All You Can Eat
Seattle Times food writer Nancy Leson serves up the best info and tips on Northwest food, cooking, dining and restaurants.
May 14, 2008 2:57 PM
Posted by Nancy Leson
After reading about one of my favorite Sunday suppers (roasted chicken). Jane Ramsey wrote to ask if I know where she might get her hands on a true "roaster" -- not one of those dinky broiler/fryers sold all over town -- like the ones my husband smoked on the Weber last weekend:
Now, for those of you who don't know your roaster from your broiler from your fryer, allow me to quote from that ready reference "The Food Lover's Companion," which explains: "The broiler-fryer can weigh up to 3 1/2 pounds and is usually around 2 1/2 months old. These chickens, as the name implies, are best when broiled or fried. The more flavorful roasters have a higher fat content and therefore are perfect for roasting and rotisserie cooking. They usually range between 2 1/2 and 5 pounds and can be up to 8 months old."

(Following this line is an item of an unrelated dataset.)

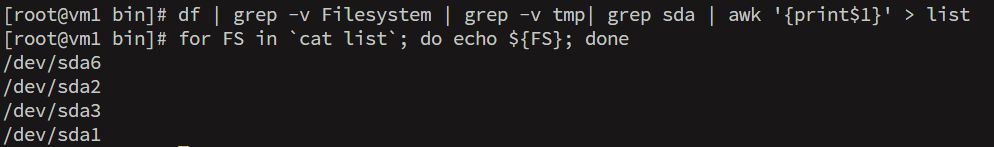 for 변수 in 리스트; do

And this, from my well-thumbed tome, "The Joy of Cooking": "Any chicken, from a 1-pound poussin to a 10-pound capon, can be roasted. . . Today, most chickens weighing 2 to 3 1/4 pounds are sold to restaurants. What is left for supermarket sale are chickens at the heavier end of the midsized range, weighing between 3 1/2 - 4 3/4 pounds. Usually these are labeled simply "whole chicken." If you do not see one called a broiler/fryer, don't get too excited, for it probably will turn out to be a fairly large chicken like all the rest. If you are buying a whole midsized chicken for roasting, assume that it will feed four people, generously if it weighs over 4 pounds, modestly if it weighs less. . . Large chickens -- generally those weighing 5 to 7 pounds, though some producers include chickens weighing as little as 4 pounds in this category -- are marketed today as roasting chickens or roasters. They are often perfect candidates for roasting. . ."
And, just because one can never get too much information (and because I trust them implicitly) here's what the folks at Cook's Illustrated have to say on the subject: "Most of the birds raised for meat in the United States today are descended from the Cornish (a British breed) and the White Rock (a breed developed in New England). Broiler/fryers, roasters, Rock Cornish game hens, capons, and stewing/baking hens are all chickens. Each has been bred to "plump out" (an industry term indicating that the breast meat is thick and plump) upon reaching a certain age and weight. Broiler/fryers, the birds we recommend for grill-roasting, are slaughtered between six and eight weeks of age, when they weigh 2 1/4- to 4 1/2 pounds. These young chickens (another term you might see on labels) are ideal for frying and broiling (parts from older birds are too thick to cook evenly by these methods), hence the term broiler/fryer. Roasters are slaughtered between 9 and 13 weeks of age and weigh 5 to 8 pounds."
So, now that we've got that straight -- sort of -- where can Jane buy a roaster?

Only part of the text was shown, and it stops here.